---------- Entries supplied

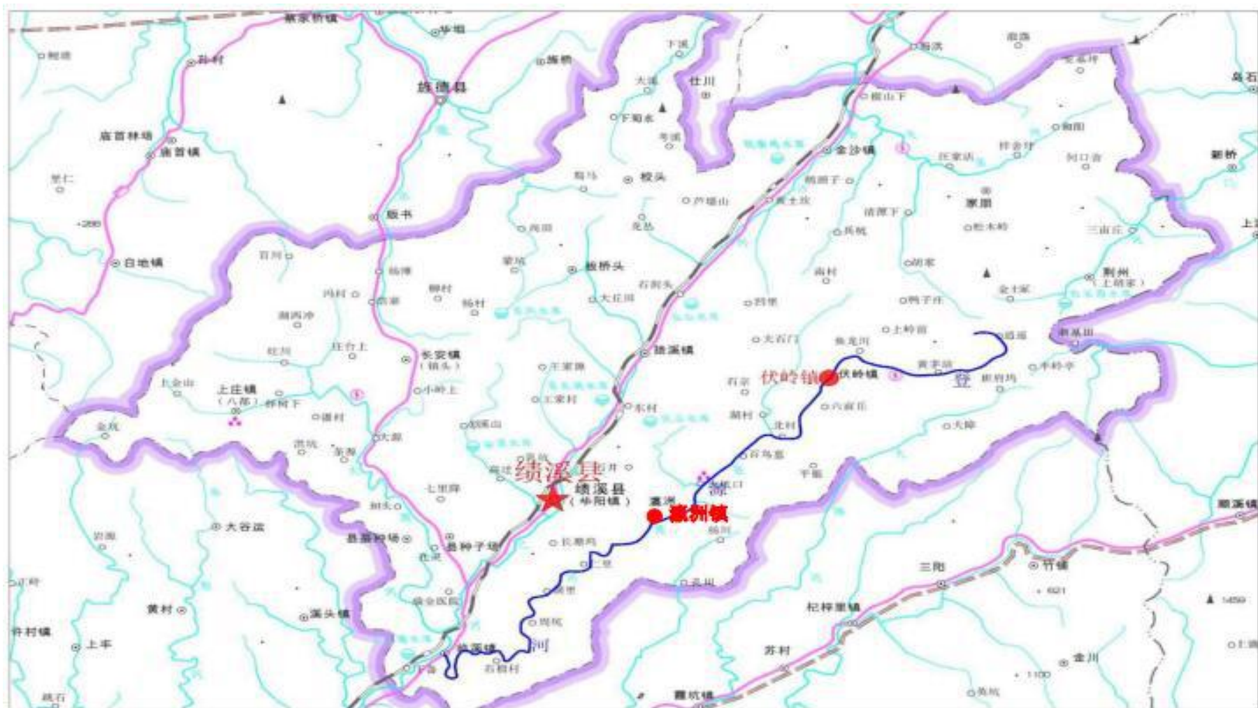
附图 4 区域水系图
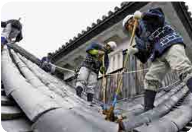
屋根にたまった落ち葉を清掃

国指定重要文化財の備中松山城天守と二重櫓、 五・六の平櫓 にじゅうやぐら ひらやぐら で、新年を迎えるために毎年恒例の「すす払い」が行われました。
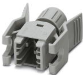
RJ45-Tüllengehäuse, IP20, für Stifteinsatz VS-08-ST-RJ45, mit Push-Pull-Verriegelung zum Anbaurahmen, für Kabeldurchmesser 5,0 mm ... 6,5 mm

Bitte beachten Sie, dass die hier angegebenen Daten dem Online-Katalog entnommen sind. Die vollständigen Informationen und Daten entnehmen Sie bitte der Anwenderdokumentation. Es gelten die Allgemeinen Nutzungsbedingungen für Internet-Downloads. ( http://phoenixcontact.de/download )
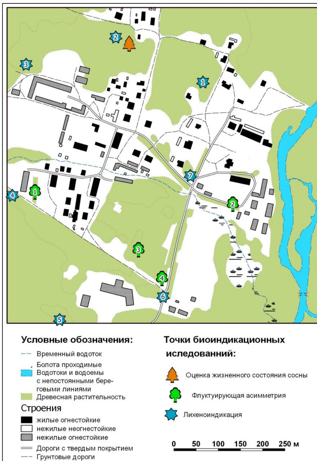
Общая карта биоиндикационных исследований, выполненных студентами на усадьбе Воронежского заповедника

анализ полевых и дистанционных данных позволил провести интерполяцию биоиндикационных показателей и оперативное картографирование типов растительности и её состояния для всего Усманского бора.
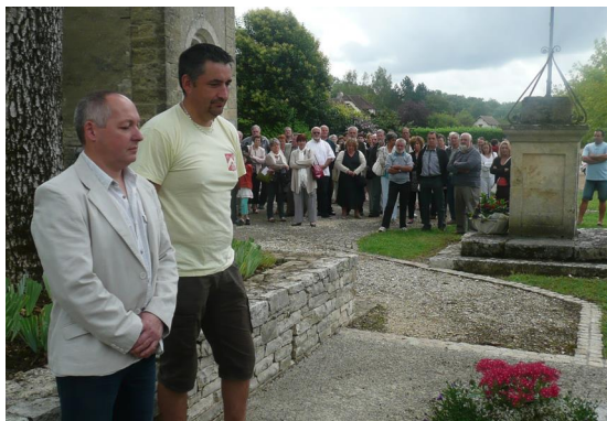
Le dépôt de gerbe au monument aux morts

Telle une tradition, la fête des 14 et 15 août anime la commune en été.
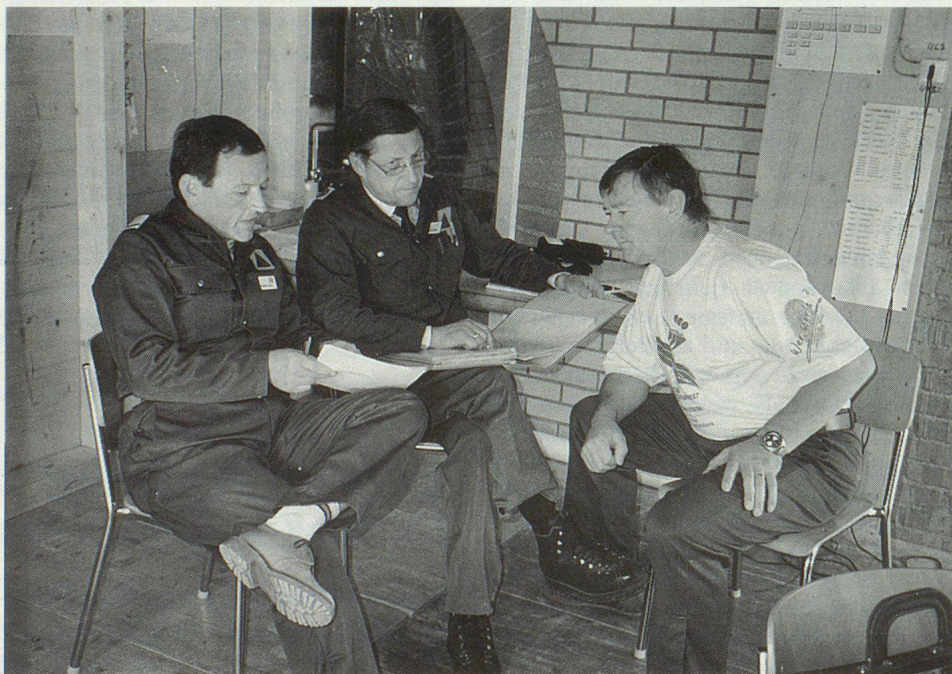
Lagebesprechung. Gute Organisation war die Voraussetzung für den Erfolg des Einsatzes.

Die Motivation fast aller Angehörigen der beiden ZSO war sehr gut, und die Freude an der Leistung und am Funktionieren der Anlagen spürbar. Vertreter der Projektleitung betonten denn auch, dass derartige Übungen sowohl in fachtechnischer als auch in psychologischer Hinsicht einer ZSO gut tun. Aber auch für die Kaderangehörigen war der Anlass sehr lehrreich, zeigte sich doch immer wieder, dass Planung und praktischer Einsatz zwei sehr verschiedene Dinge sind. Besonders die Anpassung an sich ständig ändernde Randbedingungen war immer wieder gefordert, etwa wenn sich zeigte, dass der Aufwand für eine bestimmte Arbeit falsch eingeschätzt worden war oder Dinge erledigt werden mussten, an die man vorher nicht gedacht hatte. Auch das ausnehmend schlechte Wetter stellte die Organisatoren vor grosse Herausforderungen, mussten doch die Wege neu geplant und Holzschnitzel geschüttet werden, da sich das Gelände sonst in einen Morast verwandelt hätte. Um die zahlreichen Aufgaben zu bewältigen und die unbedingt erforderliche Koordination und gegenseitige Information sicherzustellen, erwies es sich dabei als sehr hilfreich, jeden Nachmittag einen Rapport durchzuführen, an welchem die Einsätze des folgenden Tages besprochen wurden. ▽
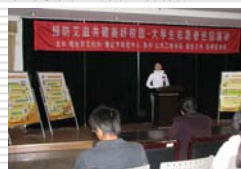
大学生志愿者在校园巡回演讲
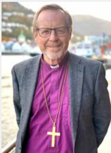
Halvor Nordhaug

Biskop Halvor Nordhaug går av med pensjon i desember 2022, og prosessen med å finne en ny biskop har startet. Nå inviterer bispedømmerådet alle som ønsker det til å foreslå hvem de mener kan passe som ny biskop i Bjørgvin.
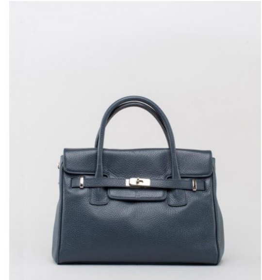
Medium Grip Bag
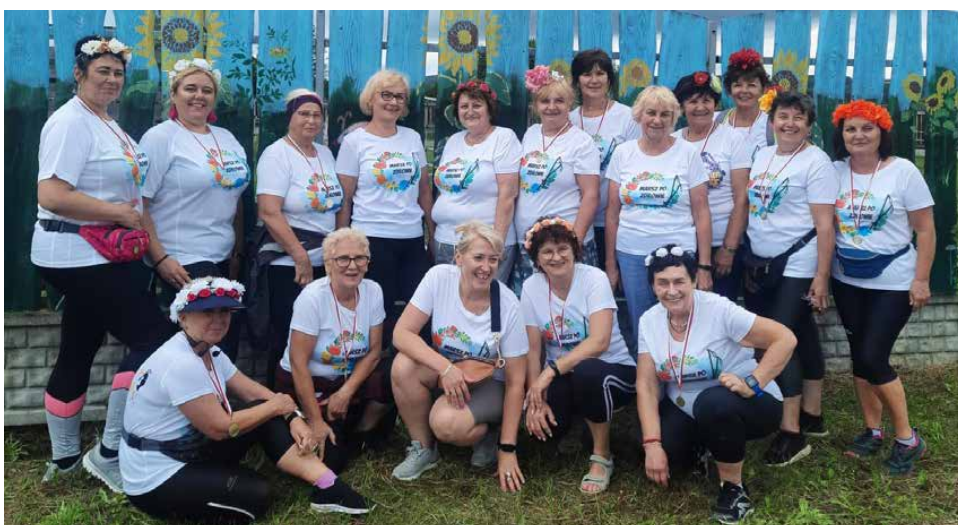
Członkinie Stowarzyszenia tradycyjnie wzięły udział w Marszu

W rajdzie „Marsz na Zdrowie z Wiankiem na głowie 2024” uczestniczyły zorganizowane grupy nordic walking: Bobry Walking z Dobieszowic, Stadion

--------------------

Your answer should be all lines from the data that contain "биоиндикационных".

Общая карта биоиндикационных исследований, выполненных студентами на усадьбе Воронежского заповедника
анализ полевых и дистанционных данных позволил провести интерполяцию биоиндикационных показателей и оперативное картографирование типов растительности и её состояния для всего Усманского бора.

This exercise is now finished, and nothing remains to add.